======== Material to process ========
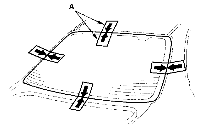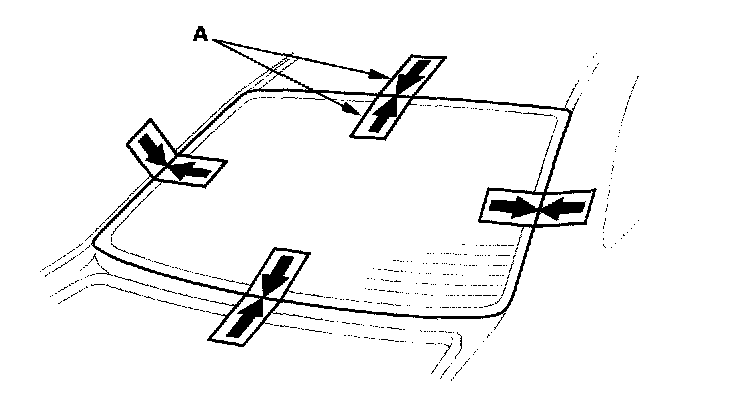 15. Set the rear window in the opening, and center it. Make alignment marks (A) across the rear window and body with a grease pencil at the four points shown. Be careful not to touch the rear window where adhesive will be applied.
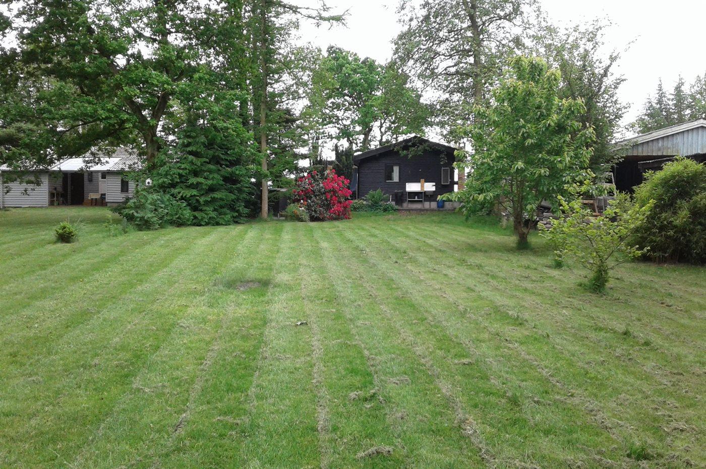 Hyggeligt træsommerhus ved Mossø med naturgrund
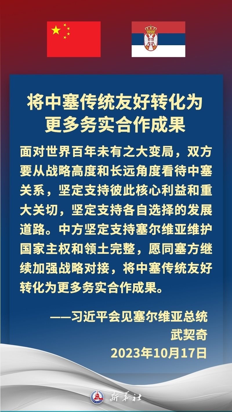 塞爾維亞是中國(guó)在中東歐地區(qū)首個(gè)全面戰(zhàn)略伙伴。近年來,在習(xí)近平主席和武契奇總統(tǒng)戰(zhàn)略引領(lǐng)下,中塞關(guān)系保持高水平運(yùn)行,雙方堅(jiān)定支持彼此核心利益和重大關(guān)切,兩國(guó)政治互信牢固,高質(zhì)量共建“一帶一路”取得豐碩成果,在多邊領(lǐng)域協(xié)調(diào)緊密。習(xí)近平主席多次在重要場(chǎng)合提及,中國(guó)和塞爾維亞是“鐵桿朋友”。
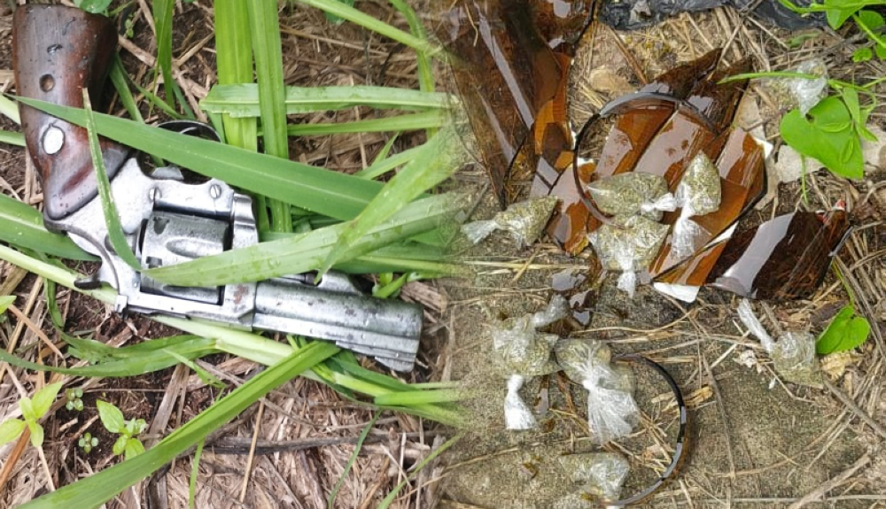 Personal de la Fuerza Armada reportó que durante patrullajes que realizaron, este martes, en zonas de Ciudad Real, en Santa Ana, encontraron en calidad de abandono un arma de fuego y varias porciones de marihuana dentro de una botella de vidrio.
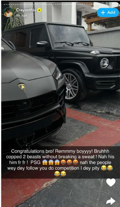 Singer, Crayon has shown off two new cars his colleague Rema bought.  Sharing a photo of the cars on Snapchat, Crayon said Rema bought the cars without breaking a sweat.  He added that he pities those competing with Rema.    The post Singer Crayon shows off two new cars his colleague Rema bought appeared first on Linda Ikeji Blog.
========
What you should do -> Where an image appears in the data, skip it, and return the rest verbatim.

Your solution ->
 15. Set the rear window in the opening, and center it. Make alignment marks (A) across the rear window and body with a grease pencil at the four points shown. Be careful not to touch the rear window where adhesive will be applied.
 Hyggeligt træsommerhus ved Mossø med naturgrund
 塞爾維亞是中國(guó)在中東歐地區(qū)首個(gè)全面戰(zhàn)略伙伴。近年來,在習(xí)近平主席和武契奇總統(tǒng)戰(zhàn)略引領(lǐng)下,中塞關(guān)系保持高水平運(yùn)行,雙方堅(jiān)定支持彼此核心利益和重大關(guān)切,兩國(guó)政治互信牢固,高質(zhì)量共建“一帶一路”取得豐碩成果,在多邊領(lǐng)域協(xié)調(diào)緊密。習(xí)近平主席多次在重要場(chǎng)合提及,中國(guó)和塞爾維亞是“鐵桿朋友”。
 Personal de la Fuerza Armada reportó que durante patrullajes que realizaron, este martes, en zonas de Ciudad Real, en Santa Ana, encontraron en calidad de abandono un arma de fuego y varias porciones de marihuana dentro de una botella de vidrio.
 Singer, Crayon has shown off two new cars his colleague Rema bought.  Sharing a photo of the cars on Snapchat, Crayon said Rema bought the cars without breaking a sweat.  He added that he pities those competing with Rema.    The post Singer Crayon shows off two new cars his colleague Rema bought appeared first on Linda Ikeji Blog.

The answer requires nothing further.